Background: Anti-oxidant vitamins have increasingly been used to supplement traditional post-surgical treatment in cardiac transplant recipients. However, the mechanism(s) of action have not been determined. In this study we examined the effects of a novel vitamin E analog, alpha-tocopheryl polyethylene glycol-100 succinate (alpha-TPGS), and low-dose cyclosporine (CsA) in the treatment of acute and delayed cardiac rejection.

Methods: In situ sonomicrometry, histologic rejection and graft survival were determined in untreated rat cardiac allograft recipients and recipients receiving CsA, alpha-TPGS or CsA plus alpha-TPGS. DNA binding of nuclear factor (NF)-kappaB and AP-1, inducible nitric oxide synthase (iNOS) protein, caspase-3 activity and lymphocyte proliferation were determined.
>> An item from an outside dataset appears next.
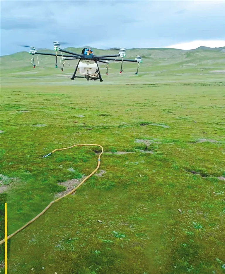 那曲市色尼區(qū)無人機(jī)噴藥滅殺草原毛蟲。

Results: alpha-TPGS significantly (p < 0.05) prolonged graft survival equipotent to low-dose CsA. Treatment with CsA plus alpha-TPGS further enhanced graft survival (p < 0.001). CsA or alpha-TPGS alone decreased rejection, with the greatest decrease seen using combination therapy. Graft fractional shortening was improved by CsA or alpha-TPGS alone (p < 0.01), whereas distention in systolic and diastolic lengths in untreated allografts was prevented by CsA, alpha-TPGS and combination therapy. Nitrosylation of heme protein was inhibited by alpha-TPGS and abolished by CsA or CsA plus alpha-TPGS. Expression of iNOS was decreased 50% by alpha-TPGS equipotent to CsA, but apparently via an NF-kappaB- and AP-1-independent pathway. Caspase-3 activity, an index of apoptosis, was increased only in untreated allografts. In addition, alpha-TPGS markedly inhibited mitogen-stimulated proliferation by both rat and human lymphocytes.

Conclusions: alpha-TPGS has a significant effect in limiting lymphocyte proliferation and activation. This might explain the equipotent action of alpha-TPGS vs low-dose CsA and its action to potentiate graft survival and limit graft rejection and dysfunction.